ヘザーは何も言わずにじっとキャルムを見つめたまま。
慣れないことを言い、照れた様子のキャルムの笑みが珍しかった。次第に、先ほど飲んだホットチョコレートの熱が胸の底まで広がっていく。
気づけば、ヘザーの頬は柔らかに綻んでいた。キャルムと互いの笑みを見ていると、気恥ずかしさが楽しい気持ちへと変化していくようだった。すっかり、心は軽い。
「キャルムさん」
「はい、ヘザーさん」
「私、トーニグラへ行ってみます。両親に、ちゃんと事情を話して謝らないと。もし、誤解しているのなら。それは、とても悲しいから」
ヘザーはナサニエルが言っていたコートニーの不穏な話を思い、苦い顔をして笑う。両親の耳にも同様の話が入っているのならば、せめてもの訂正をさせて欲しいのだ。
「ええ。気を付けていってらっしゃい」
キャルムは彼女の意志を察してか、優しく眉尻を垂らした。ヘザーがホットチョコレートを再び飲み始めると、キャルムは何かを思い出したように少し難しい表情をする。

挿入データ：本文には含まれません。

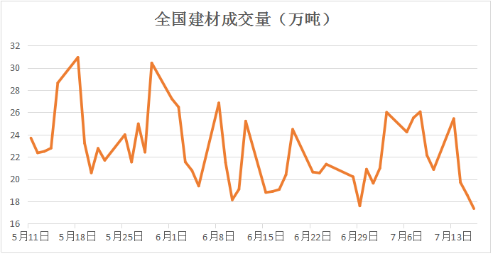 本周建材成交量連續(xù)三日低于20萬噸。在期貨高位回落的帶動下,現(xiàn)貨市場報價松動,部分商家降價出貨,但跌幅有限,市場向好預期仍在。
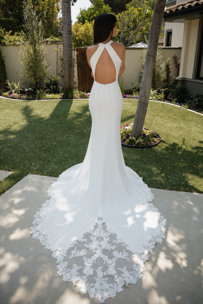 Ce modèle est le chic incarné!!! et que dire de cette traine en dentelle. Vous trouverez une longue ligne de petits boutons.

「汽車での移動とはいえ、一人で行かせるのはやはり心配だ。お供が一人くらい、必要かもしれないねぇ」
「そうでしょうか……?」
機関車に乗った経験自体、ヘザーは少なかった。ほとんど国内の決められた範囲でしか過ごしてこなかったのだ。移動手段の多くは馬車で、機関車などは試しに一度乗ったくらいの記憶しかない。とはいえ、ただ便利な乗り物に乗って移動すればいいだけだ。そこまで守ってもらう必要があるのかヘザーには疑問だった。
ヘザーの不思議そうな反応を見たキャルムは、暖炉の向こうに広がるモザイクアートを見やり、意味ありげに微笑んだ。